Blocking specific agents like GPTBot or ClaudeBot prevents discovery via those platforms' indexes.

Common robots.txt configurations

Recommended: Allow all

User-agent: *
Allow: /
Sitemap: https://yoursite.com/sitemap.xml

Allow all except specific paths (for paywalled content)

User-agent: *
Allow: /
Disallow: /members-only/
Disallow: /private/
Sitemap: https://yoursite.com/sitemap.xml

Allow all but throttle aggressive crawlers

User-agent: *
Allow: /
Crawl-delay: 5

User-agent: PerplexityBot
Crawl-delay: 10

Block AI crawlers (only if IP protection is critical)

User-agent: GPTBot
Disallow: /

User-agent: PerplexityBot
Disallow: /

User-agent: CCBot
Disallow: /

User-agent: *
Allow: /

Verification

Check your file at yoursite.com/robots.txt. Use Google Search Console to test bot access rules. Ensure you haven't accidentally blocked standard crawlers while targeting AI agents.
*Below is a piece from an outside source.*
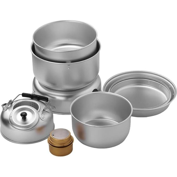 Comprehensive 10-piece set: This all-in cooking set contains items such as pots, pans, a kettle, utensils and more and offers everything you need for preparing a variety of outdoor meals. With this versatile set, you can cook, cook, and serve meals with ease, making it perfect for camping trips, hiking or backpacking. LIGHTWEIGHT & PORTABLE Made of aluminum, this cooking set is designed for portability without sacrificing quality. Each piece is lightweight, ensures easy transportation in your backpack while maximizing space for other gear, making it an ideal choice for those who are on the backpack. Non-stick cookware: The non-stick coating of the pots and pans ensures that your food cooks evenly and makes cleanup a breeze. Spend less time scrubbing and more time enjoying your outdoor experience with cookware that reduces sticking and burning. Multifunctional design: this versatile cooking set is perfect for a variety of cooking methods, whether you are boiling, frying or simmering water. It can accommodate different cooking styles, making it suitable for preparing from simple snacks to full meals in the great outdoors. DURABLE CONSTRUCTION Built to withstand the rigors of outdoor cooking, this aluminum camping cookware is both sturdy and resilient. Its construction ensures that it can withstand high heat and regular use, providing you with a cooking solution for many camping trips. › See more product details; Product description Description Enhance your outdoor cooking experience with our 10 piece backpacking cooking set specially designed for camping and backpacking enthusiasts. This aluminum camping cooking set is lightweight and portable, making it easy to carry your adventures. With non-stick cookware, this multifunctional camping set ensures efficient cooking and easy cleanup, whether you're preparing a meal in the backcountry or enjoying a picnic in the park. With everything you need for a complete cooking experience, this cookware set is an addition to your outdoor gear. Product features: Product Name:10 Piece Outdoor Cookware Set Material: Anodized Aluminum Weight: 978 g. Product size: approx. 21 x 21 x 10.3 cm. Product list: 1 large frying pan. 1 small frying pan. 1 x kettle. 1 large pot. 1 small pot. 1 pot clip. 1 x alcohol cooker. 1 windproof plate rack. 1 windproof base frame. 1 x storage strap; Product description Description Enhance your outdoor cooking experience with our 10 piece backpacking cooking set specially designed for camping and backpacking enthusiasts. This aluminum camping cooking set is lightweight and portable, making it easy to carry your adventures. With non-stick cookware, this multifunctional camping set ensures efficient cooking and easy cleanup, whether you're preparing a meal in the backcountry or enjoying a picnic in the park. With everything you need for a complete cooking experience, this cookware set is an addition to your outdoor gear. Product features: Product Name:10 Piece Outdoor Cookware Set Material: Anodized Aluminum Weight: 978 g. Product size: approx. 21 x 21 x 10.3 cm. Product list: 1 large frying pan. 1 small frying pan. 1 x kettle. 1 large pot. 1 small pot. 1 pot clip. 1 x alcohol cooker. 1 windproof plate rack. 1 windproof base frame. 1 x storage strap; Description Enhance your outdoor cooking experience with our 10 piece backpacking cooking set specially designed for camping and backpacking enthusiasts. This aluminum camping cooking set is lightweight and portable, making it easy to carry your adventures. With non-stick cookware, this multifunctional camping set ensures efficient cooking and easy cleanup, whether you're preparing a meal in the backcountry or enjoying a picnic in the park. With everything you need for a complete cooking experience, this cookware set is an addition to your outdoor gear. Product features: Product Name:10 Piece Outdoor Cookware Set Material: Anodized Aluminum Weight: 978 g. Product size: approx. 21 x 21 x 10.3 cm. Product list: 1 large frying pan. 1 small frying pan. 1 x kettle. 1 large pot. 1 small pot. 1 pot clip. 1 x alcohol cooker. 1 windproof plate rack. 1 windproof base frame. 1 x storage strap

Crawlability and Rendering

Content must be fetchable and rendered. AI agents, like standard search engines, struggle to execute complex JavaScript dynamically during initial fetches.

Static HTML vs. JavaScript rendering

Test your site by disabling JavaScript in your browser. If critical content disappears—navigation menus, product descriptions, pricing information, or contact forms—you have a rendering issue. Basic AI crawlers cannot execute JavaScript to retrieve this information.

Recommended approach: SSR or Static Generation

Content should reside in HTML, not load via client-side JavaScript. For dynamic sites, use Server-Side Rendering (SSR) or Static Site Generation (SSG).

SSR: Content generated on the server and sent as HTML.
SSG: Pages pre-built at build time, served as static files.
Hybrid: Static for key pages (pricing, contact), dynamic for secondary content.

Frameworks handle this differently: Next.js uses getStaticProps or getServerSideProps; Vue uses Nuxt for SSR; SvelteKit defaults to SSR. Hugo defaults to static.

Testing: What AI agents see

Method 1: Screaming Frog Set to "JavaScript: Enabled". Crawl your site. Compare word count in raw HTML vs. rendered content. If rendered content exceeds HTML by 50% or more, you have JS rendering issues that will block AI discovery.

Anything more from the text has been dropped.